Dom 26.02.2012

EL PAíS  › OPINION

Lucas

› Por Horacio González *

El lenguaje siempre vacila, es lo que siempre y primero vacila. Decir tragedia, accidente o masacre no es lo mismo. Pero tenemos a disposición un elenco de palabras que habitan nuestro lenguaje como restos fósiles de frases jurídicas, políticas, sentimentales. “Error humano”, “falla técnica” son los andamiajes de nuestro verbo ciudadano, que para simplificar llamamos clisés y que un lingüista puede llamar sintagma, como una plaza griega. Somos ciudadanos que pendulamos –si preferimos no ver nuestro lenguaje como un ejercicio político sistemático– entre el error humano y la culpabilidad de las estructuras, de los ensambles institucionales, de las administraciones. Buscamos nuestras palabras como revolviendo el bolsillo de un saco, en un debate interno con nuestro diccionario disponible y con el modo en que los medios de comunicación van hablando o cómo en nuestro trabajo se va hablando y opinando. Preparamos nuestra conciencia para recibir la iluminación por fin amasada: del tren del Once estoy hablando. Tragedia, Accidente, Falla Estructural, Culpables Institucionales, Responsabilidades Empresarias, Cuestión de Estado... La gradación de nuestras frases va subiendo y bajando en un ejercicio de reubicación de nuestra conciencia ya suficientemente percudida por ser nuestra propia porosidad conceptual atropellada, horadada por la vida en una gran metrópolis caracterizada por las maquinarias públicas, técnicas, y las grandes aglomeraciones.
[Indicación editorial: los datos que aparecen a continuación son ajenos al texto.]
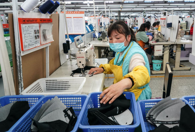 淮安源通制帽有限公司扶貧車(chē)間內(nèi),工人在生產(chǎn)帽子 楊磊 攝

Una terminal de trenes es un gran hangar de vidas multitudinarias apretadas, rápidas, condensadas en un vago peligro que a veces se consuma.
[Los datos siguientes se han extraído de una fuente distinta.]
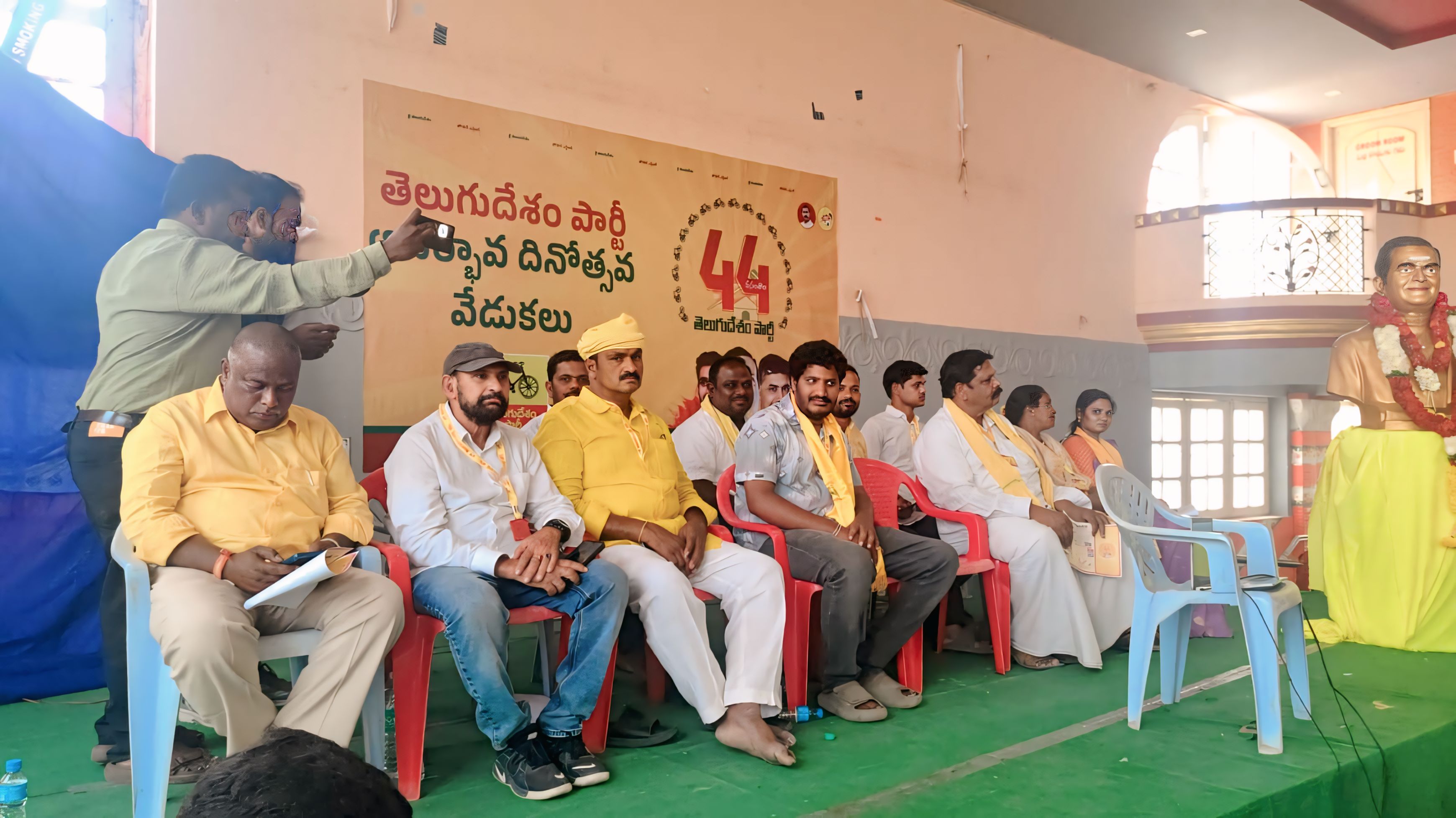The 44th foundation day celebrations of the Telugu Desam Party held at the Madanapalle Paradise Function Hall, the district headquarters of Annamayya district, were grandly organized under the leadership of MLA M. Shahjahan Basha. On this occasion, as per the party's instructions to honor talented people in various departments, MLA M Shahjahan Basha grandly honored them. On this occasion, Sheikh Karimullah, former councilor, expressed his gratitude and thanks to the party and MLA M Shahjahan Basha, party general secretary Lokesh Babu and Chief Minister Nara Chandrababu Naidu for announcing his name for securing first place in Madanapalle constituency and 94th place at the state level in My TDP App.

Poco sabemos, muchos de nosotros, sobre lo que es un acontecimiento colectivo que se resuelve en un cataclismo radical, que trastoca súbitamente la existencia de los que lo vivieron. Mido mi condición ciudadana por estas omisiones, los lugares de ese tipo donde no estuve y frente a los cuales me dispongo a hacer la prueba de fuego de una moral pública que estuvo al margen de cualquier hecatombe urbana. Qué hubiera hecho yo ahí, cómo me hubiera comportado, de qué modo me alcanzaría el estremecimiento de unas chapas, el humo asfixiante de un techo alquitranado, y si hubiera entrado a rescatar a alguien, y si hubiera cegado mi conciencia relacional o solidaria ante el pavor ineluctable que me obligaría a encerrarme en mi pequeña cifra de salvación. Eso, si hubiera estado. No lo sé y soy de los muchos ciudadanos que tiene pocas posibilidades de saberlo: no viajo en ferrocarril en las horas pico, no participo de grandes aglomeraciones, no voy a locales danzantes, apenas poseo los últimos segmentos de una vivencialidad de los festejos o convocatorias políticas de calle, por los motivos que nunca dejan de abundar.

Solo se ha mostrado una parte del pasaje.